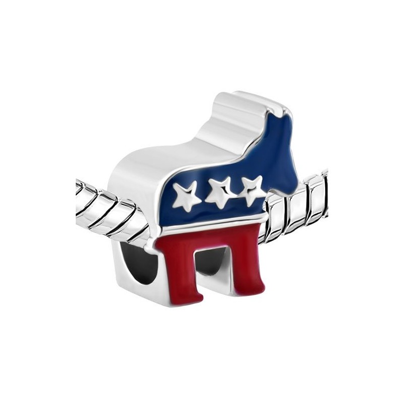 QueenCharms Animal Charm USA Party Smart and Brave Democratic Donkey Bead for Bracelet
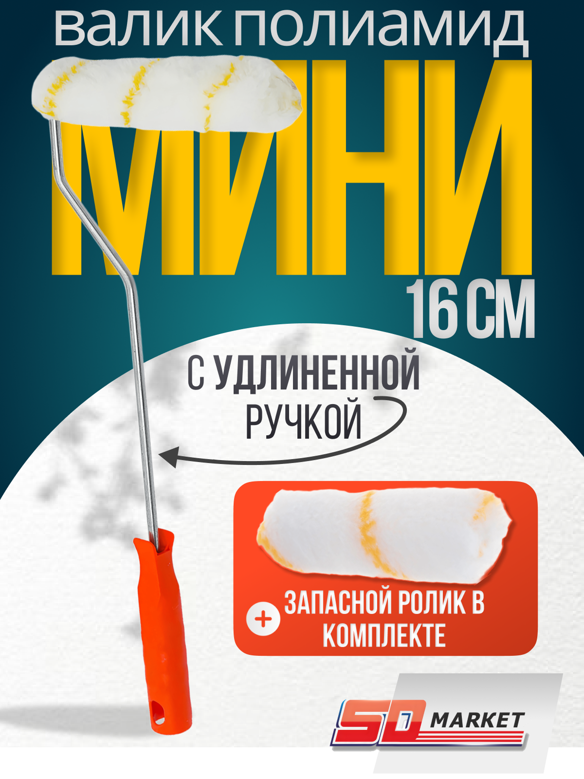 Валик малярный мини 10 см для краски с удлиненной ручкой 269 ₽
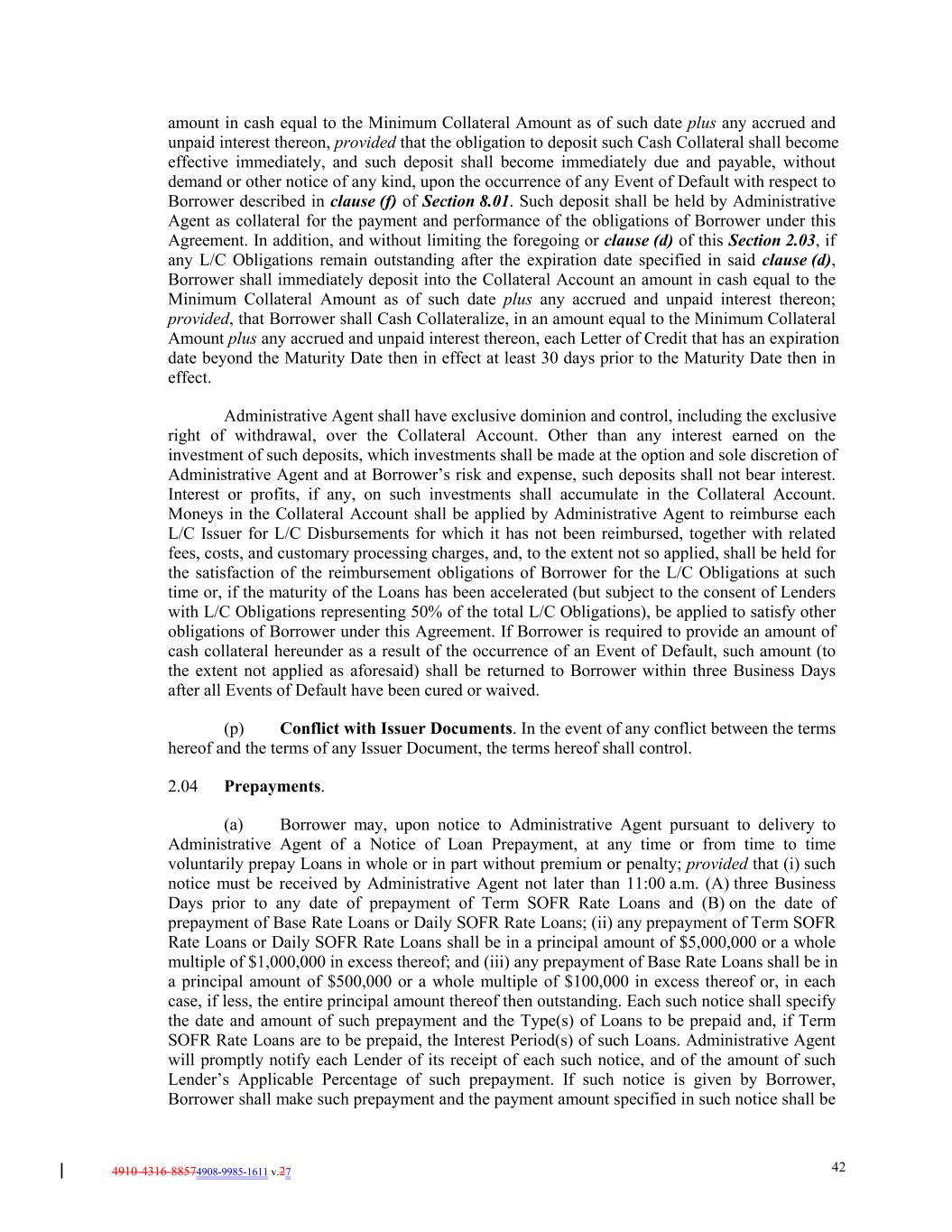 4910-4316-88574908-9985-1611 v.27 42 amount in cash equal to the Minimum Collateral Amount as of such date plus any accrued and unpaid interest thereon, provided that the obligation to deposit such Cash Collateral shall become effective immediately, and such deposit shall become immediately due and payable, without demand or other notice of any kind, upon the occurrence of any Event of Default with respect to Borrower described in clause (f) of Section 8.01. Such deposit shall be held by Administrative Agent as collateral for the payment and performance of the obligations of Borrower under this Agreement. In addition, and without limiting the foregoing or clause (d) of this Section 2.03, if any L/C Obligations remain outstanding after the expiration date specified in said clause (d), Borrower shall immediately deposit into the Collateral Account an amount in cash equal to the Minimum Collateral Amount as of such date plus any accrued and unpaid interest thereon; provided, that Borrower shall Cash Collateralize, in an amount equal to the Minimum Collateral Amount plus any accrued and unpaid interest thereon, each Letter of Credit that has an expiration date beyond the Maturity Date then in effect at least 30 days prior to the Maturity Date then in effect. Administrative Agent shall have exclusive dominion and control, including the exclusive right of withdrawal, over the Collateral Account. Other than any interest earned on the investment of such deposits, which investments shall be made at the option and sole discretion of Administrative Agent and at Borrower’s risk and expense, such deposits shall not bear interest. Interest or profits, if any, on such investments shall accumulate in the Collateral Account. Moneys in the Collateral Account shall be applied by Administrative Agent to reimburse each L/C Issuer for L/C Disbursements for which it has not been reimbursed, together with related fees, costs, and customary processing charges, and, to the extent not so applied, shall be held for the satisfaction of the reimbursement obligations of Borrower for the L/C Obligations at such time or, if the maturity of the Loans has been accelerated (but subject to the consent of Lenders with L/C Obligations representing 50% of the total L/C Obligations), be applied to satisfy other obligations of Borrower under this Agreement. If Borrower is required to provide an amount of cash collateral hereunder as a result of the occurrence of an Event of Default, such amount (to the extent not applied as aforesaid) shall be returned to Borrower within three Business Days after all Events of Default have been cured or waived. (p) Conflict with Issuer Documents. In the event of any conflict between the terms hereof and the terms of any Issuer Document, the terms hereof shall control. 2.04 Prepayments. (a) Borrower may, upon notice to Administrative Agent pursuant to delivery to Administrative Agent of a Notice of Loan Prepayment, at any time or from time to time voluntarily prepay Loans in whole or in part without premium or penalty; provided that (i) such notice must be received by Administrative Agent not later than 11:00 a.m. (A) three Business Days prior to any date of prepayment of Term SOFR Rate Loans and (B) on the date of prepayment of Base Rate Loans or Daily SOFR Rate Loans; (ii) any prepayment of Term SOFR Rate Loans or Daily SOFR Rate Loans shall be in a principal amount of $5,000,000 or a whole multiple of $1,000,000 in excess thereof; and (iii) any prepayment of Base Rate Loans shall be in a principal amount of $500,000 or a whole multiple of $100,000 in excess thereof or, in each case, if less, the entire principal amount thereof then outstanding. Each such notice shall specify the date and amount of such prepayment and the Type(s) of Loans to be prepaid and, if Term SOFR Rate Loans are to be prepaid, the Interest Period(s) of such Loans. Administrative Agent will promptly notify each Lender of its receipt of each such notice, and of the amount of such Lender’s Applicable Percentage of such prepayment. If such notice is given by Borrower, Borrower shall make such prepayment and the payment amount specified in such notice shall be
§
Task objective
A word-for-word copy of the lines from the start of the listing through the line containing "Валик малярный мини" is the answer. Pictures stay out of it.

Problem solution
 QueenCharms Animal Charm USA Party Smart and Brave Democratic Donkey Bead for Bracelet
 Валик малярный мини 10 см для краски с удлиненной ручкой 269 ₽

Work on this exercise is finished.